Beneath this instruction is a listing. Transcribe from it only the stretch from the line with "- 1 chambre" through the line with "방법의 문법이 있다.", both end lines included, exactly as written.

##### Data to examine

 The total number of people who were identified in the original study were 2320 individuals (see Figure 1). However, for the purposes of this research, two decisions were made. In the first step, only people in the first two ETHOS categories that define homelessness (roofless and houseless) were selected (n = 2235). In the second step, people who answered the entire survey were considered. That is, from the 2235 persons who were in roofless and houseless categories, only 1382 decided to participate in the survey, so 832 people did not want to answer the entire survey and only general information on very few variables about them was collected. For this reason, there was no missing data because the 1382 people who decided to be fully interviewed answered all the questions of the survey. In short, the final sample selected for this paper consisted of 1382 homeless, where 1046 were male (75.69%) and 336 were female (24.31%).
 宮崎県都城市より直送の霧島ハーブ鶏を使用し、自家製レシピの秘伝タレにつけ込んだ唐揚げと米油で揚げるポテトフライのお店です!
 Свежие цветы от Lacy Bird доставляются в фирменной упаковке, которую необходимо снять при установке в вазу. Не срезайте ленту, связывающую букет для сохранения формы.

##########
##### Data to examine

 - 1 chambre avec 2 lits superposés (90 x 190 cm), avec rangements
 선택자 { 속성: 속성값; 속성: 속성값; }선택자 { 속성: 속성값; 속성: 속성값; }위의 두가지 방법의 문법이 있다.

##########

- [Response below]
 - 1 chambre avec 2 lits superposés (90 x 190 cm), avec rangements
 선택자 { 속성: 속성값; 속성: 속성값; }선택자 { 속성: 속성값; 속성: 속성값; }위의 두가지 방법의 문법이 있다.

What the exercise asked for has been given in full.